Despite these measures, according to Europol, during the 2018 to 2019 fishing season, some 5,789 kg of European Eels illegally in trade were seized and 154 suspected smugglers arrested. The glass eels are taken to Asia where they are grown into adults for human consumption. Just last month, authorities in France seized 90 kg of glass eels at Paris-Charles De Gaulle airport en route from Southwest France to China.
“Illegal trade in European Eels, particularly glass eels, is the most serious wildlife crime issue the EU currently faces,” said Hiromi Shiraishi, TRAFFIC’s eel trade expert.
“Traffickers exploited the last fishing season as an opportunity to smuggle glass eels to lucrative Asian markets and while TRAFFIC applauds the professional and intelligence-led criminal investigations which helped to disrupt the organised criminal syndicates orchestrating the trafficking, TRAFFIC urges relevant authorities to ensure they prevent further smuggling this season – European Eel populations simply cannot withstand the sustained illegal offtake.”
Recent seizure data compiled by TRAFFIC implicate several EU Member States in illegal exports in recent years, increasingly to Southeast Asia – including Viet Nam and Thailand – which observers believe may be acting as a transit hub before re-export for farming in East Asia.
“International trafficking routes are fluid and can only be effectively brought under control through enhanced international enforcement co-operation backed up by strong deterrent penalties for those convicted of criminal activities,” said Shiraishi.
Illegal trade in eel meat is also a concern.
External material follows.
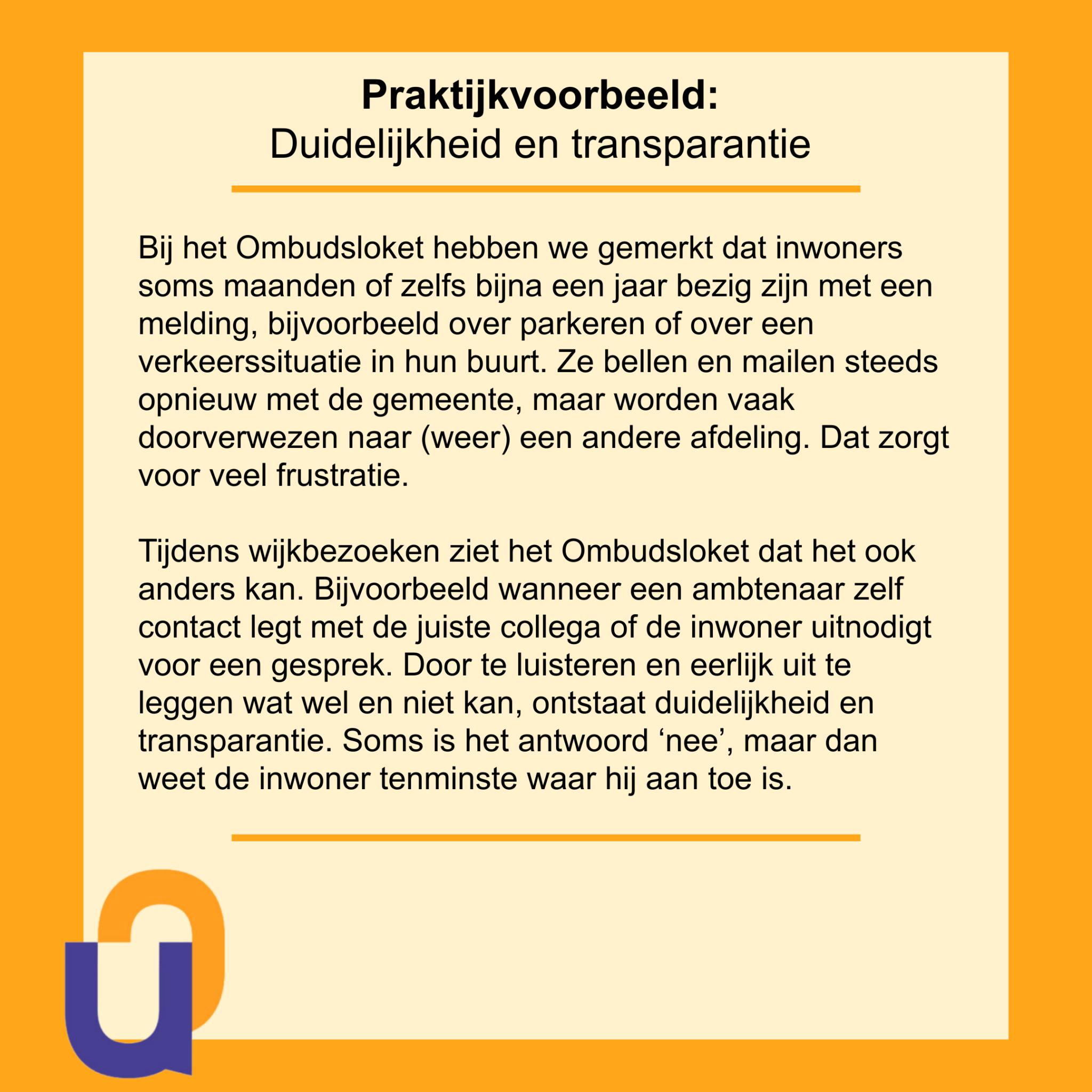 Tot slot is het belangrijk dat de gemeente haar werk zorgvuldig, neutraal en met goede bedoelingen doet. Belangrijke normen hierbij zijn integriteit, onpartijdigheid en transparantie. De gemeente moet open zijn over hoe beslissingen worden genomen en welke stappen inwoners kunnen zetten als ze het ergens niet mee eens zijn. Ook moet de gemeente eerlijk zijn over wat wel en niet mogelijk is. Eerlijkheid zorgt voor vertrouwen bij inwoners.

Following the illegal export of glass eels to Asia and their growing out in farms, European Eel meat could be imported into the EU and other markets, falsely declared as other species of eel.
At the 18th meeting of the Conference of the Parties to CITES (CITES CoP18) last August, European Eel range states were asked to develop and implement measures to improve the traceability of eels in trade.
“The development of a harmonised European-wide traceability system for European Eel is a prerequisite to ensuring eel trade is kept on the straight and narrow,” said Shiraishi.